Introduction

Gene mutations carry a significant prognostic value and influence the management of MDS and AML. However, until now, data on the impact of the type and functional effects of mutations on outcome, especially in genes lacking a hotspot such as TP53, are limited. TP53 mutation (TP53mut) is an independent predictor of poor outcome in MDS/AML. Majority of TP53mut are missense, few are nonsense, frameshift and splice-site. These occur across the entire coding region, and result in either loss-of-function, gain-of-function (GOF) or exert dominant negative effect on wild-type allele. Until now, there is limited data on the impact of the different types of TP53mut on the outcome in MDS/AML.

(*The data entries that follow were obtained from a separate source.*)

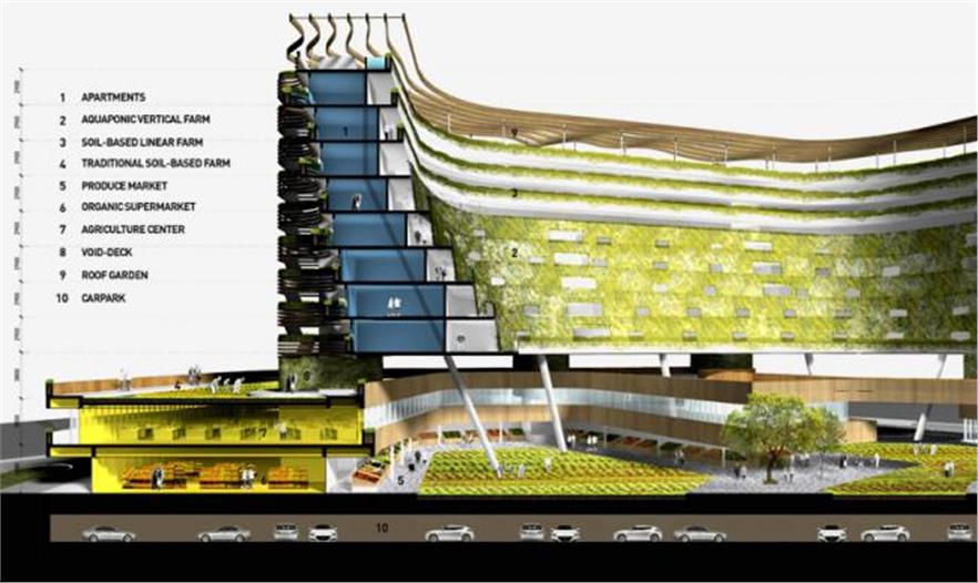 SPARK事務所的指導人史蒂芬•平博理解釋說:“這是我們?yōu)樾录悠略O計的這個概念,但是它有潛力適用于任何一個能夠在建筑外形上和屋頂上生長多葉綠色蔬菜的地方。我們很希望看到這個項目的某些方面能夠在未來實現(xiàn)。這個概念是個可實現(xiàn)的方案,能解決世界上許多發(fā)展的城市面臨的一些問題。”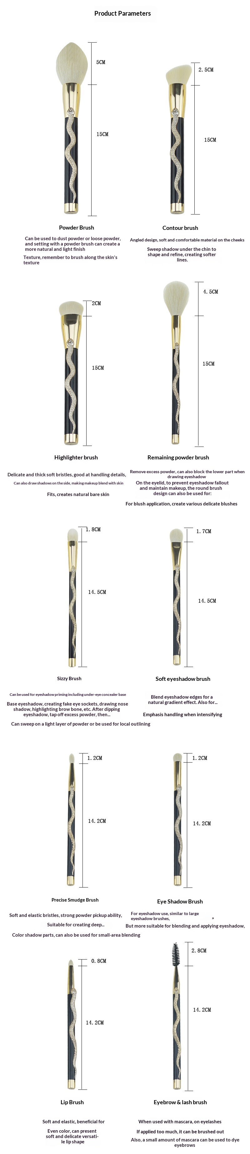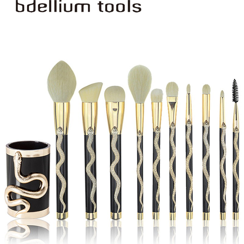 10-Piece Makeup Brush Set with 3D Snake Design, Professional Cosmetic Tools for Eyeshadow, Concealer, Blush, and Powde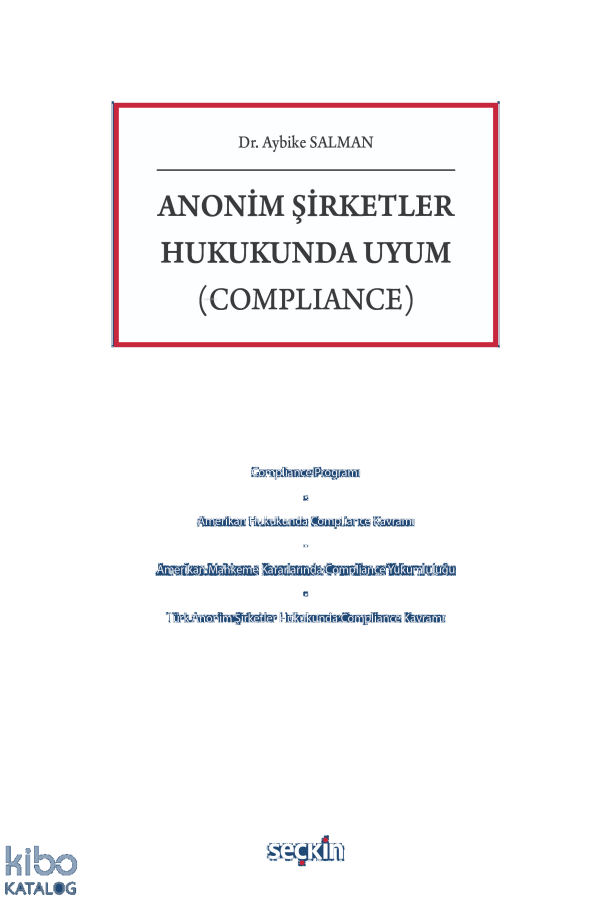 Bu doğrultuda kitapta; ABD hukukunda compliance kavramının gelişim süreci, mahkeme kararlarında compliance yükümlülüğü ve özel hukuk alanındaki düzenlemeler ele alınmıştır. Türk anonim şirketler hukuku bağlamında ise henüz açık bir şekilde yönetim kurulunun compliance yükümlülüğünden bahsedilmemektedir. Kitapta; TTK, SerPK ve ilgili diğer düzenlemelerde anonim şirketlerin hukuka uygun davranılmasını güvence altına almaya yarayacak mekanizmalar, bir diğer ifadeyle compliance yükümlülüğünün yansımaları incelenmiştir.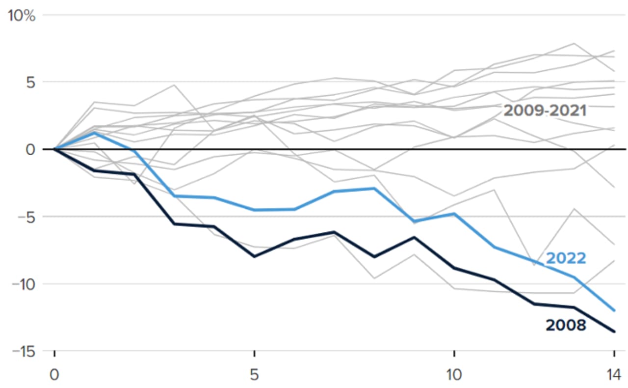 Frykten for økte renter har tynget teknologiindeksen Nasdaq. Hittil i år har nedgangen vært på ca. 13%. Det er særlig vekstselskaper med svak lønnsomhet og høy verdsettelse som har blitt hardt rammet. Den urolige starten på året er ikke uvanlig, selv om det er lenge siden teknologiaksjene har hatt en så dårlig start. Historisk sett har det i gjennomsnitt tatt ca. 4 måneder å hente seg inn etter et markedsfall på denne størrelsen.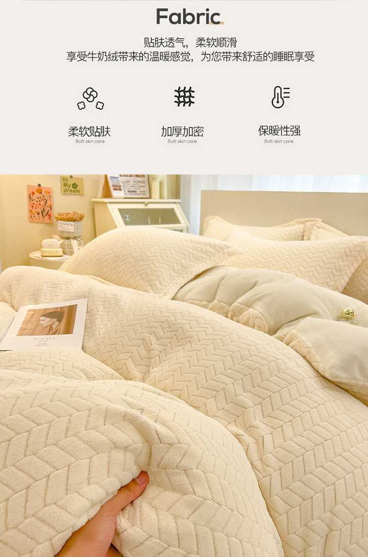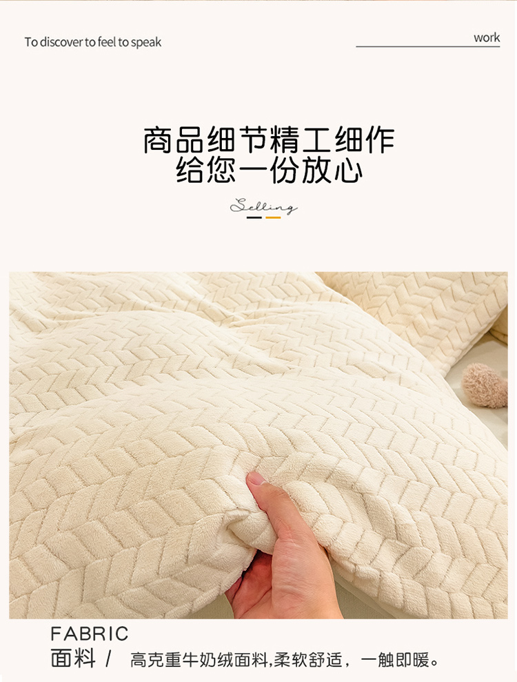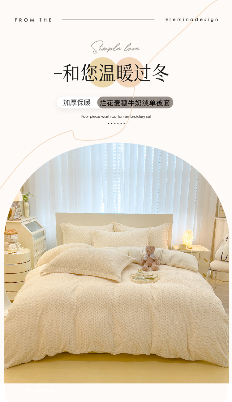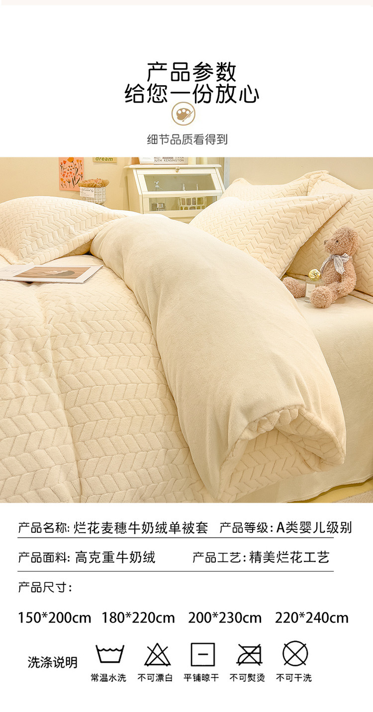商品名称:全季家居 2023新款麦穗纹高克重牛奶绒色织提花被套单件 米白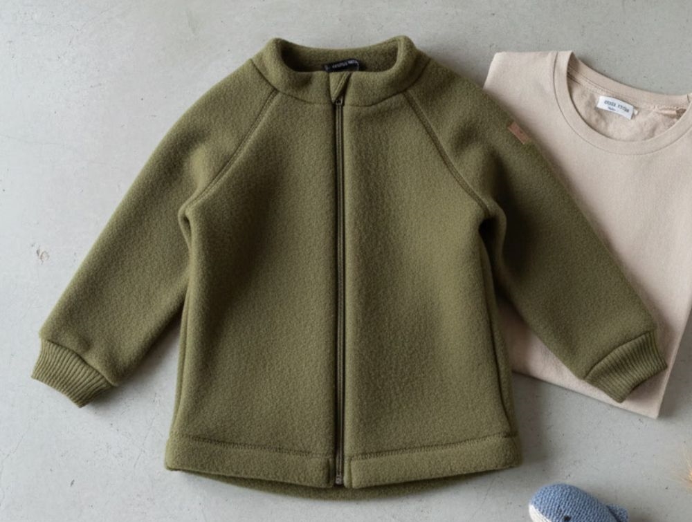 Jacket/cardigan in merino wool in the color beech from Mikk-line.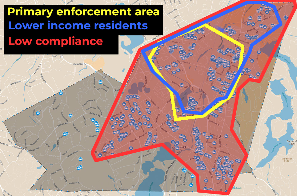 Most of the enforcement occurs on (1) main roads & (2) side streets in lower-income neighborhoods (closer to the Woburn line.) https://www.google.com/maps/d/viewer?mid=1QfDT3OKCf9TduPD6YEMkSKN7kd4H67o&ll=42.452836532792396%2C-71.14315303558253&z=14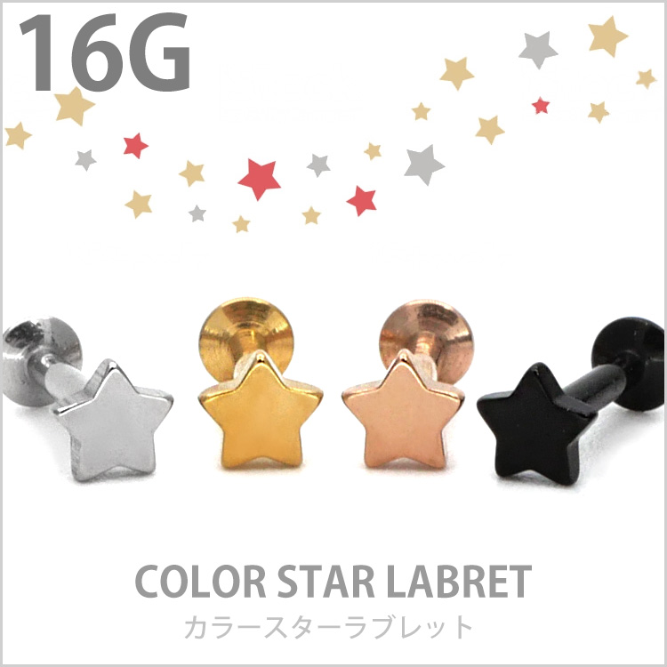 ボディピアス カラースターインターナルラブレット 16G ボディーピアス 軟骨ピアス 星 LSI10

There are several quantitative predictors to assess the molecular effect of TP53mut. Evolutional Action (EA) scoring system quantifies the deleterious effect of missense TP53mut based on the location of AA residue involved by the mutation and the effect of the AA change. Within head and neck cancer, this scoring system has identified a subset of mutations that have an adverse outcome. In this study, we assessed the impact of different parameters of TP53mut and the utility of EA score in well-characterized MDS and AML cohorts.

Methods

A total of 593 MDS, 139 CMML and 808 AML patients were selected for analysis. Coding region of TP53 was assessed by NGS for mutations by targeted amplicon-based NGS panel. Gain-of-function (GOF) mutations were defined as R172H, R175H, R270H, G245S, R248W, G248Q or R273H. Overall survival (OS) was calculated from the time of diagnosis to death or last follow-up. Event-free survival (EFS) was calculated from the time from therapy to progression/death. Various parameters of TP53mut, including the number, VAF, location, functional effect were correlated to outcome. In patients with missense TP53mut, EA score was correlated to outcome.

Results

Among a total of 732 MDS/CMML patients, 208 TP53 mutations were identified in 159 (21.7%) patients [99 men; 60 women; median age of 68 years (range, 18-98)]. The median VAF of TP53 mutations was 36.7% (range, 1.0-93.6). These included 164 missense, 21 frameshift, 17 nonsense and 6 splice-site mutations. Majority (n=149, 94%) involved DNA-binding domain (DBD). Twenty-four (15%) patients had a GOF type mutation. The median EA score was 76.7 (range, 16.6-97.7). The median OS was 33 months (12 months in TP53mut, 112 months in TP5wt; p<0.001). The presence of complex karyotype (CK) with TP53mut showed worse OS compared to TP53mut alone (median 22 months vs. 12 months; p=0.010). The presence of deletion 17p did not affect OS in TP53 mutated patients (del17p + TP53mut, 14 months versus TP53mut alone, 12 months; p=0.789). By univariate analysis, the prognostic factors for OS and EFS included the presence and VAF of TP53mut; in addition, EA score was prognostic for EFS (p=0.04). Using statistical approach, a mathematical EA score of >87.4 could predict a significantly worse EFS in MDS/CMML (p=0.01).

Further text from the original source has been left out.